Memantine Hydrochloride and Whole-Brain Radiotherapy With or Without Hippocampal Avoidance in Reducing Neurocognitive Decline in Patients With Brain Metastases

PRIMARY OBJECTIVES:

I. Determine whether the addition of whole-brain radiotherapy with hippocampal avoidance
(HA-WBRT) increases time to neurocognitive failure at months 2, 4, 6, and 12 as measured by
neurocognitive decline on a battery of tests: the Hopkins Verbal Learning Test-Revised
(HVLT-R) for Total Recall, Delayed Recall, and Delayed Recognition, Controlled Oral Word
Association (COWA), and the Trail Making Test (TMT) Parts A and B.

SECONDARY OBJECTIVES:

I. Determine whether the addition of HA-WBRT preserves neurocognitive function at months 2,
4, 6, and 12 as separately measured by each test, the HVLT-R for Total Recall, Delayed
Recall, and Delayed Recognition; COWA; and TMT Parts A and B.

II. Evaluate the potential benefit of HA-WBRT in symptom burden, as measured by the M. D.
Anderson Symptom Inventory-Brain Tumor Module (MDASI-BT).

III. Assessment of quality adjusted survival and cost analysis using the five-level version
of the EuroQol five-dimensional (EQ-5D-5L).

IV. Compare cumulative incidence of progression and overall survival after WBRT versus
HA-WBRT.

V. Compare adverse events between the treatment arms according to the Common Terminology
Criteria for Adverse Events (CTCAE) version (v)4.0 criteria.

TERTIARY OBJECTIVES:

I. Collect serum, plasma, and imaging studies for future translational research analyses.

II. Evaluate magnetic resonance (MR) imaging biomarkers of white matter injury and
hippocampal volumetry at baseline and 6 months as potential predictors of neurocognitive
decline and differential benefit from HA-WBRT as compared to WBRT.

III. Association of symptom burden and anxiety/depression with neurocognitive function.

IV. Evaluate the potential correlation between the prognostic scoring systems Radiation
Therapy Oncology Group (RTOG) recursive partitioning analysis (RPA) and the
diagnosis-specific graded prognostic assessment (DS-GPA) and neurocognitive function at
baseline and overtime.

OUTLINE: Patients are randomized to 1 of 2 treatment arms.

ARM I: Patients receive memantine hydrochloride orally (PO) twice daily (BID) for 24 weeks.
Patients undergo WBRT daily over approximately 2 weeks (10 fractions).

ARM II: Patients receive memantine hydrochloride as in Arm I. Patients undergo HA-WBRT using
intensity modulated radiation therapy (IMRT) daily over approximately 2 weeks (10 fractions).

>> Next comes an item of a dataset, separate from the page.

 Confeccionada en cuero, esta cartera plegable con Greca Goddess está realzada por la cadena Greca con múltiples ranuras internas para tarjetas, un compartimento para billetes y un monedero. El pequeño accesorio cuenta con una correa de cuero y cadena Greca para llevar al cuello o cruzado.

After completion of study treatment, patients are followed up at 12 months.

Inclusion Criteria:

- PRIOR TO STEP 1 REGISTRATION:

- Brain metastases outside a 5-mm margin around either hippocampus must be visible on
contrast-enhanced magnetic resonance imaging (MRI) performed =< 21 days prior to Step
1 registration; an allowed exception, regarding ability to image brain metastases,
would be that patients who had undergone radiosurgery or surgical resection and are
planning adjuvant WBRT do not have to have visible disease but do need a pre-surgery
MRI or computed tomography (CT) scan demonstrating brain metastases; however, the
brain metastases could not have been within 5 mm of either hippocampus

- Patients must have a gadolinium contrast-enhanced three-dimensional spoiled gradient
(SPGR), magnetization-prepared rapid gradient echo (MP-RAGE), or turbo field echo
(TFE) axial MRI scan with standard axial and coronal gadolinium contrast-enhanced
T1-weighted sequence and axial T2/FLAIR sequence acquisitions; to yield acceptable
image quality, the gadolinium contrast-enhanced three-dimensional SPGR, MP-RAGE, or
TFE axial MRI scan should use the smallest possible axial slice thickness not
exceeding 1.5 mm; the associated coronal and sagittal contrast-enhanced T1 sequences
can be up to 2.5 mm in slice thickness; this MRI must be obtained =< 21 days prior to
step 1 registration; the vendor specific MRI protocols are available for download from
the Alzheimer's Disease Neuroimaging Initiative (ADNI)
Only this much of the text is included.